Search code examples
c#html-agility-pack

Splitting HTML string with HtmlAgilityPack


I have a html code like this:

<div class="classA">
Content
</div>
<div class="classA">
Content
</div>
 // another ClassA ....

 <div class="classA">
 <blockquote>Some key</blockquote >
 </div>

How can I remove outerHTML of Some key or get all html code above class which had Some key with Html agility pack?

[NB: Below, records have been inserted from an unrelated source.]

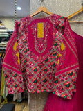 Kalpana’s Creations presents a stunning DESIGNER ensemble featuring a Zardosi and sequin Chaniya, a chic spaghetti blouse, and a striking Patola Koti. This bold combination perfectly captures a unique chic look, blending intricate traditional artistry with a modern twist, ideal for making a statement at festive occasions and stylish events.
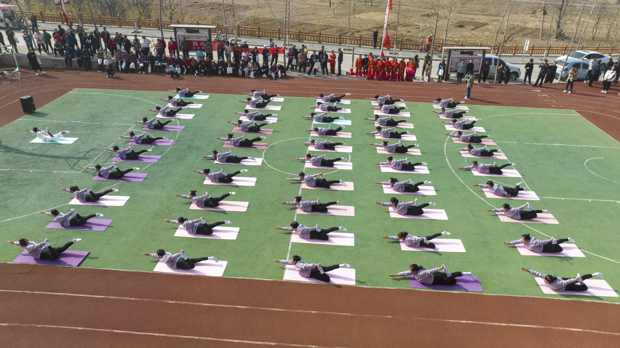村民在操场练瑜伽。阜平县委宣传部供图
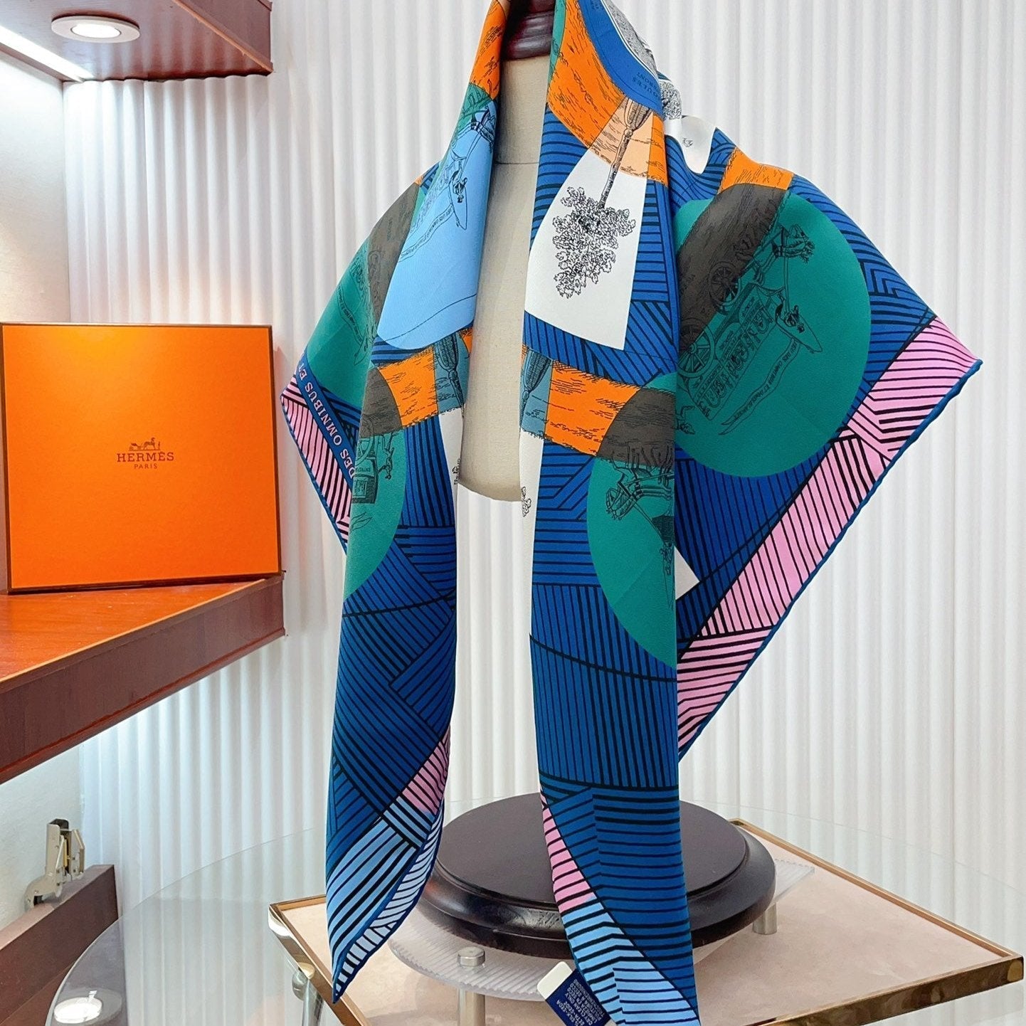 Fantaisie d'Etriers Scarf 140 CM Green Mix Blue Colorful Silk
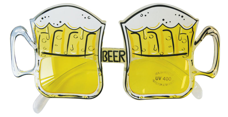 Ölglasögon omfattar ett par glasögon i form av två skummande ölglas.
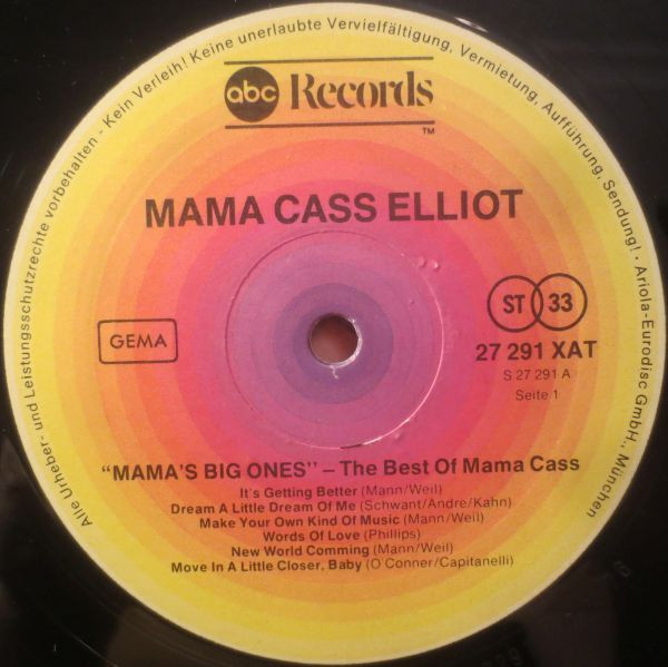 Cass Elliot – Mama’s Big Ones: Her Greatest Hits (LP, Comp)
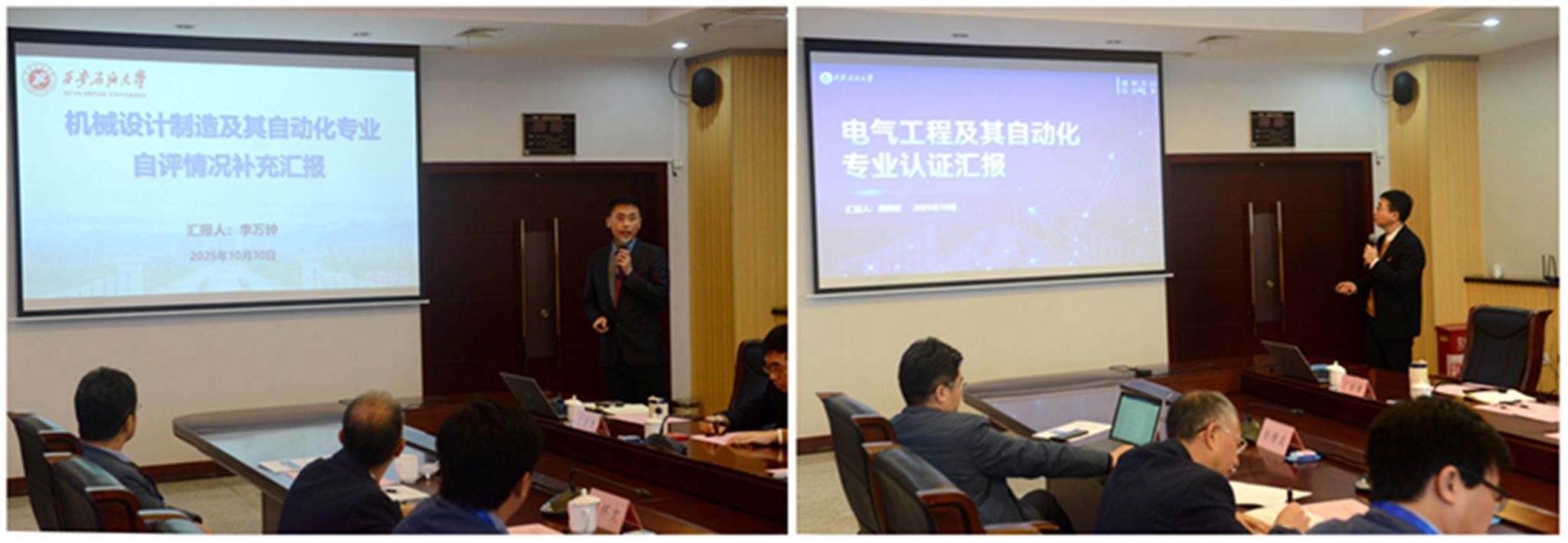 机械设计制造及其自动化、电气工程及其自动化专业负责人分别对专业的自评情况作了补充汇报。
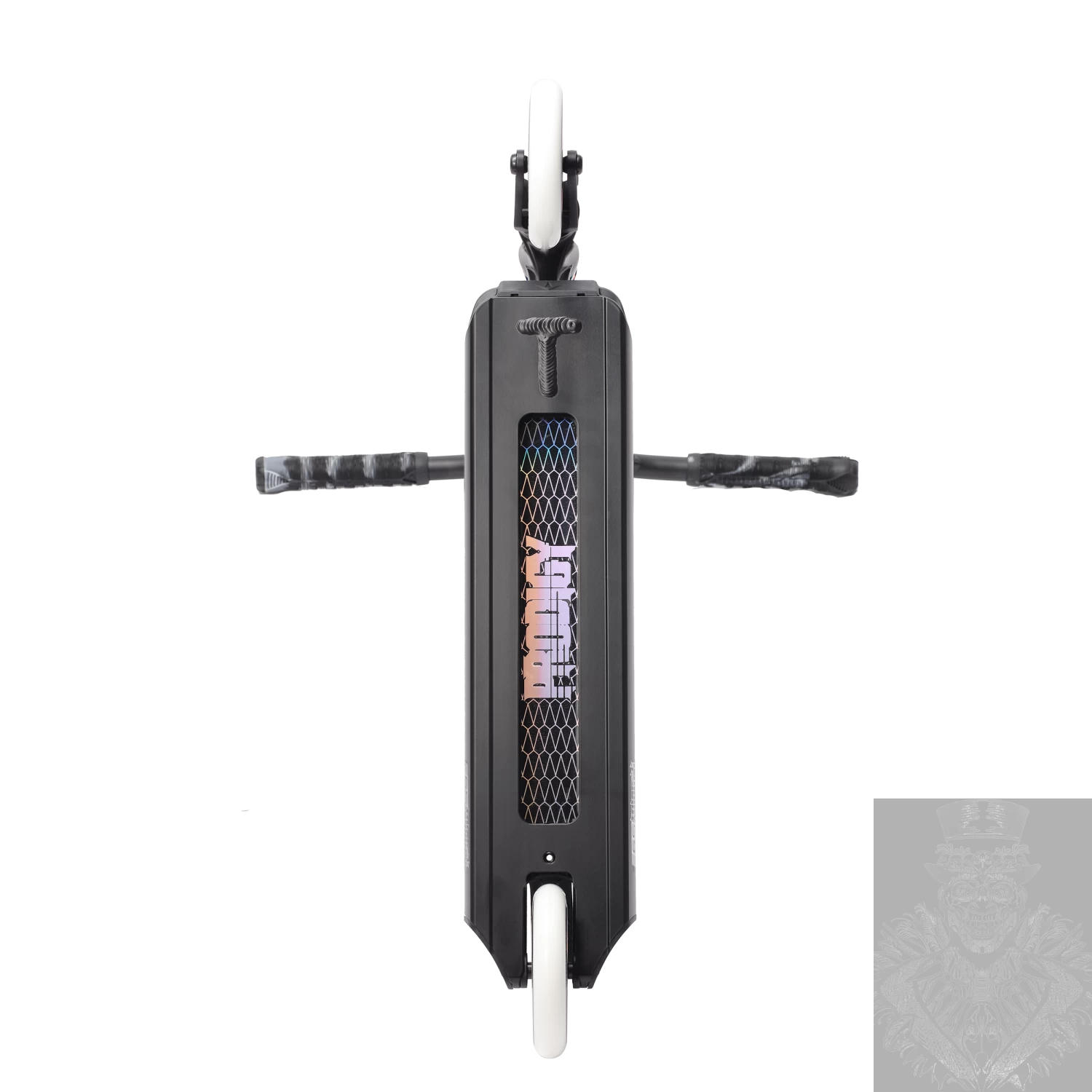 | DECK | PRODIGY DECK 495mm/19.5″ LONG- 120mm/4.75″ WIDE- 82.5° HEAD TUBE ANGLE. FRONT AND REAR NYLON INSERTS | CLAMP | 2 BOLT 6061 STANDARD ALU CLAMP- 6MM BOLTS |

It's mean, the result I want is

 <div class="classA">
Content
</div>
<div class="classA">
Content
</div>
 // another ClassA ....

Solution

  • XPATH is your friend.

    This returns expected result with just one query

    HtmlDocument doc = new HtmlDocument();
    doc.LoadHtml(html);
    foreach (HtmlNode node in doc.DocumentNode.SelectNodes(
       "//blockquote[text()='Some key']/parent::*/preceding::*"))
          Console.WriteLine(node.OuterHtml);
    

    where

    • //blockquote[text()='Some key'] selects element with the required key. If it should be within <div class="classA">, use more precise path expression of //div[@class='classA']/blockquote[text()='Some key']
    • parent selects parent element, which is <div class="classA">
    • preceding selects all nodes before the given node

    Demo: https://dotnetfiddle.net/BlQ3w9